**ABOUT THIS EXERCISE:** Your copy should repeat the data that follows exactly and contain no image.

**GIVEN MATERIAL:**

***

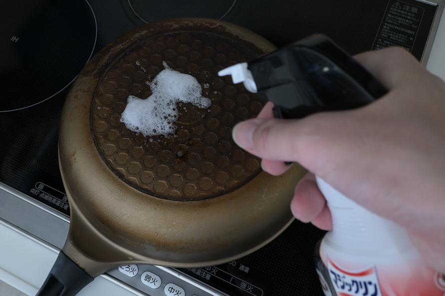 コゲ全体にスプレーしたら、程度に合わせて10〜60分ほど放置。
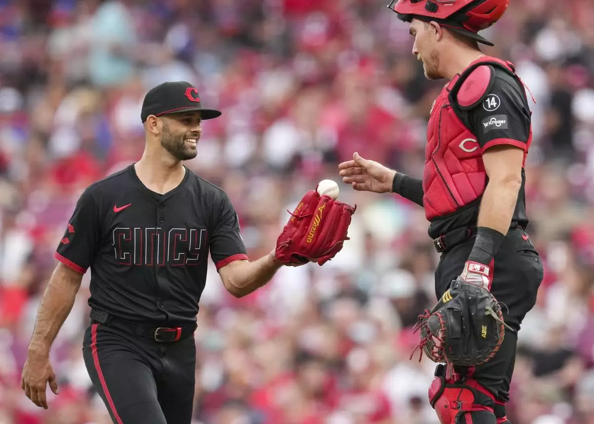 Cincinnati Reds pitcher Nick Martinez, left, speaks with catcher Tyler Stephenson at the pitcher's mound during the third inning of a baseball game against the San Diego Padres, Friday, June 27, 2025, in Cincinnati. (AP Photo/Jeff Dean)
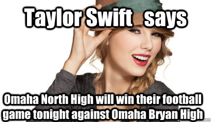Taylor Swift says Omaha North High will win their football game tonight against Omaha Bryan High
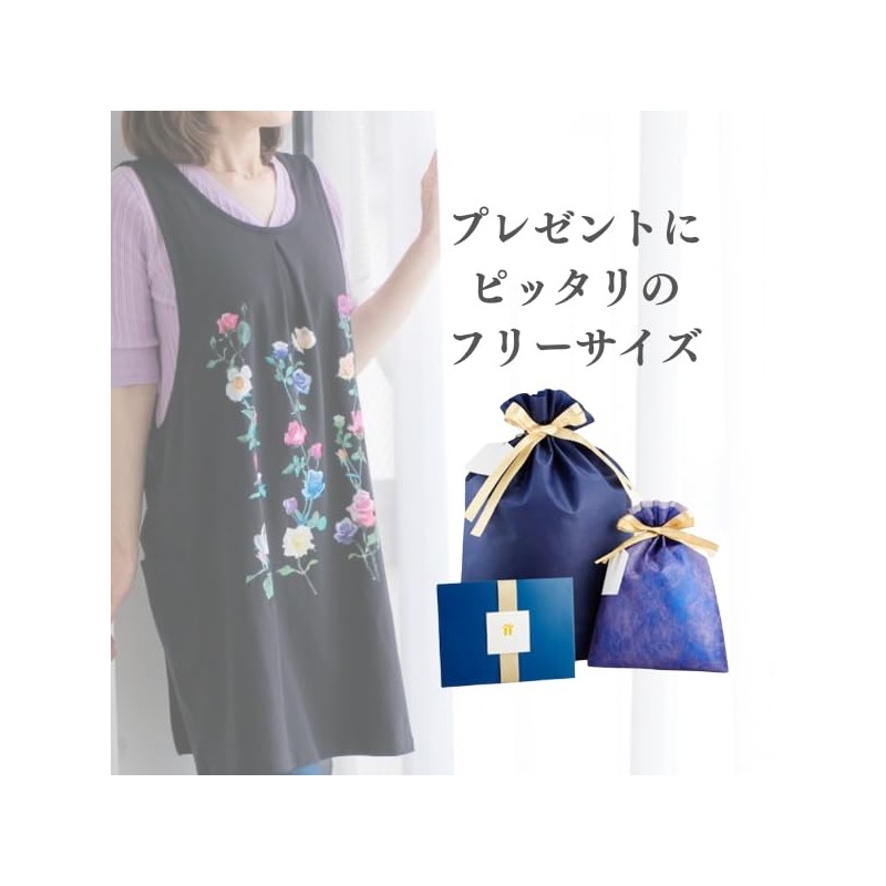 - A classic round neck cross apron with a beautiful floral motif that women love. No button and no ribbon makes it easy to put on and take off. One size fits all, making it the perfect gift. Specifications: Pocket: Yes, Buttons, Hooks: None, Slit: None

***

**RESPONSE AREA:**
 コゲ全体にスプレーしたら、程度に合わせて10〜60分ほど放置。
 Cincinnati Reds pitcher Nick Martinez, left, speaks with catcher Tyler Stephenson at the pitcher's mound during the third inning of a baseball game against the San Diego Padres, Friday, June 27, 2025, in Cincinnati. (AP Photo/Jeff Dean)
Taylor Swift says Omaha North High will win their football game tonight against Omaha Bryan High
 - A classic round neck cross apron with a beautiful floral motif that women love. No button and no ribbon makes it easy to put on and take off. One size fits all, making it the perfect gift. Specifications: Pocket: Yes, Buttons, Hooks: None, Slit: None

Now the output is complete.